Seqanswers Leaderboard Ad

Collapse

Announcement

Collapse
No announcement yet.
X
 
  • Filter
  • Time
  • Show
Clear All
new posts

  • #16
    I was able to get tophat running on colorspace reads by doing what many others have mentioned: Removing comment lines in .csfasta and .qual; and converting all -1 qualities to 0.

    On 5/8 of my datasets, tophat works great. On the remaining 3 I get the following error.

    Code:
    Traceback (most recent call last):
      File "/share/apps/tophat-1.1.0.Linux_x86_64/tophat", line 2174, in ?
        sys.exit(main())
      File "/share/apps/tophat-1.1.0.Linux_x86_64/tophat", line 2133, in main
        user_supplied_juncs)
      File "/share/apps/tophat-1.1.0.Linux_x86_64/tophat", line 1848, in spliced_alignment
        segment_len)
      File "/share/apps/tophat-1.1.0.Linux_x86_64/tophat", line 1570, in split_reads
        split_record(read_name, read_seq, read_quals, output_files, offsets, color)
      File "/share/apps/tophat-1.1.0.Linux_x86_64/tophat", line 1503, in split_record
        read_seq_temp = convert_color_to_bp(read_seq)
      File "/share/apps/tophat-1.1.0.Linux_x86_64/tophat", line 1477, in convert_color_to_bp
        base = decode_dic[base+ch]
    KeyError: 'GN'
    Has anyone else seen an error like this? Is there a fix available?

    Comment


    • #17
      Originally posted by hyjkim View Post
      Has anyone else seen an error like this? Is there a fix available?
      Yes, I ran into the same thing. I just posted my fix (to the source code) on this thread: http://seqanswers.com/forums/showthread.php?p=26692

      Comment


      • #18
        Originally posted by Daehwan View Post
        Hi guys,

        I'm Daehwan, who made this bug and fixed it, you can grab a fixed version at http://tophat.cbcb.umd.edu/index.html

        Thanks
        Hi,
        I ran tophat-1.1.1 on my single end solid data but I encounter the following error.

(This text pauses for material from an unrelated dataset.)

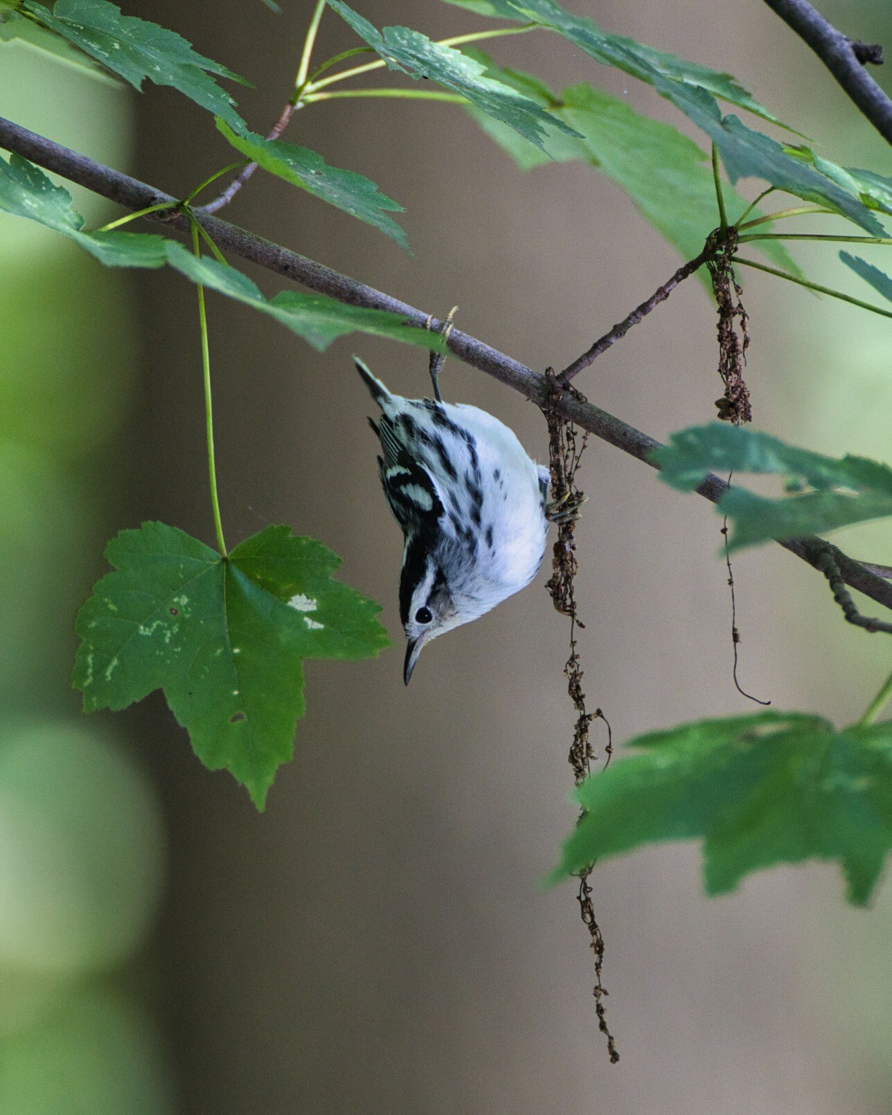 A black-and-white warbler (Mniotilta varia) in Central Park. These warblers act very much like nuthatches, making them pretty easy to spot as they work their ways along branches and up the trunks of trees.#blackandwhitewarbler #warblers #fallmigration #nature #wildlife #birds #birding #birdwatching #MniotiltaVaria #centralpark #nycparks #canonphotography #luminarneo
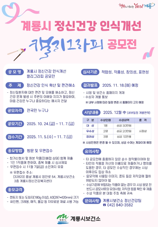 [뉴스스텝] 계룡시는 정신건강 홍보주간(10. 10.∼24.)을 맞아 시민이 직접 참여하는 ‘계룡시 정신건강 인식개선 캘리그라피 공모전’을 개최한다.

        Traceback (most recent call last):
        File "/mlab/software/tophat-1.1.1.Linux_x86_64/tophat", line 2166, in <module>
        sys.exit(main())
        File "/mlab/software/tophat-1.1.1.Linux_x86_64/tophat", line 2125, in main
        user_supplied_juncs)
        File "/mlab/software/tophat-1.1.1.Linux_x86_64/tophat", line 1840, in spliced_alignment
        segment_len)
        File "/mlab/software/tophat-1.1.1.Linux_x86_64/tophat", line 1562, in split_reads
        split_record(read_name, read_seq, read_quals, output_files, offsets, color)
        File "/mlab/software/tophat-1.1.1.Linux_x86_64/tophat", line 1495, in split_record
        read_seq_temp = convert_color_to_bp(read_seq)
        File "/mlab/software/tophat-1.1.1.Linux_x86_64/tophat", line 1469, in convert_color_to_bp
        base = decode_dic[base+ch]
        KeyError: 'CN'

        Comment


        • #19
          Hey Nameeta,

          I also get the same types of errors with tophat v1.1.1. I am able to run tophat using v1.1.0 and dcjones' patch. I'd recommend you go that route until tophat fixes the solid-style "." wildcard errors.

          Comment


          • #20
            Thanks, I was able to fix it by changing tophat.py and then recompiling.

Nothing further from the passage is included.